• _Task brief_: Transcribe, word for word and without additions, each line below from the one containing "2.1.4磺化合成原料配比對(duì)起泡性能的影響" through the one containing "Sen jälkeen siirryin", both ends included.

Records to use: Begin

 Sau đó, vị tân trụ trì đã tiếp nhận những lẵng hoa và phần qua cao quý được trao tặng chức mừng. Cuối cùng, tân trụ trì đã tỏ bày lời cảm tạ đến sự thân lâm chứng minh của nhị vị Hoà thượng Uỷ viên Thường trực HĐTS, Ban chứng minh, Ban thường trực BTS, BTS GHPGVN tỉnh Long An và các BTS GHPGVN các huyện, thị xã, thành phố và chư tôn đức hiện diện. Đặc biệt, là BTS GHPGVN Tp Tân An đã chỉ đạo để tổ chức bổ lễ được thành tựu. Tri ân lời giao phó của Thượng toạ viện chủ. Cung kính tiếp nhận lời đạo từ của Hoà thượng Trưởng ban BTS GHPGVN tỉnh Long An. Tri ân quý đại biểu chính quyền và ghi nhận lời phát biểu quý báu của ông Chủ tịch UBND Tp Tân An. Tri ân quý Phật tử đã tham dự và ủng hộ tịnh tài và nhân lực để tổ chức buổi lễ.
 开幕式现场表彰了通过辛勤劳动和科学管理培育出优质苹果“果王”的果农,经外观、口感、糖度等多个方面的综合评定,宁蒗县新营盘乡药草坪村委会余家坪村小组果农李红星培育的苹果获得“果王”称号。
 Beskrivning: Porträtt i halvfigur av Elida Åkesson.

Records to use: End
Records to use: Begin

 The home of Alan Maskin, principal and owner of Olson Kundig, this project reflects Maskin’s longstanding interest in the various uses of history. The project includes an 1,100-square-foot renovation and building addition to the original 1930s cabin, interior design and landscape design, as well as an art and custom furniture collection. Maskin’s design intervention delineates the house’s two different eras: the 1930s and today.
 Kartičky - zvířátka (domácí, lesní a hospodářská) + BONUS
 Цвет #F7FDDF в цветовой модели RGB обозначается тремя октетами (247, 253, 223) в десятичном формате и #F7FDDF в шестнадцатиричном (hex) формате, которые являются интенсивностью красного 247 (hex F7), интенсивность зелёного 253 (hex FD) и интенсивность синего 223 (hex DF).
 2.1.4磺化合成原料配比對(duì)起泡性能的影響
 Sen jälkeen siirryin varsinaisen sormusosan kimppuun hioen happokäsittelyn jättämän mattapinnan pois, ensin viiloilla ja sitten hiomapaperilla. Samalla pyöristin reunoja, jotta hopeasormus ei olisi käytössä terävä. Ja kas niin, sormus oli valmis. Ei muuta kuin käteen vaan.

Records to use: End

• _Result_:
 2.1.4磺化合成原料配比對(duì)起泡性能的影響
 Sen jälkeen siirryin varsinaisen sormusosan kimppuun hioen happokäsittelyn jättämän mattapinnan pois, ensin viiloilla ja sitten hiomapaperilla. Samalla pyöristin reunoja, jotta hopeasormus ei olisi käytössä terävä. Ja kas niin, sormus oli valmis. Ei muuta kuin käteen vaan.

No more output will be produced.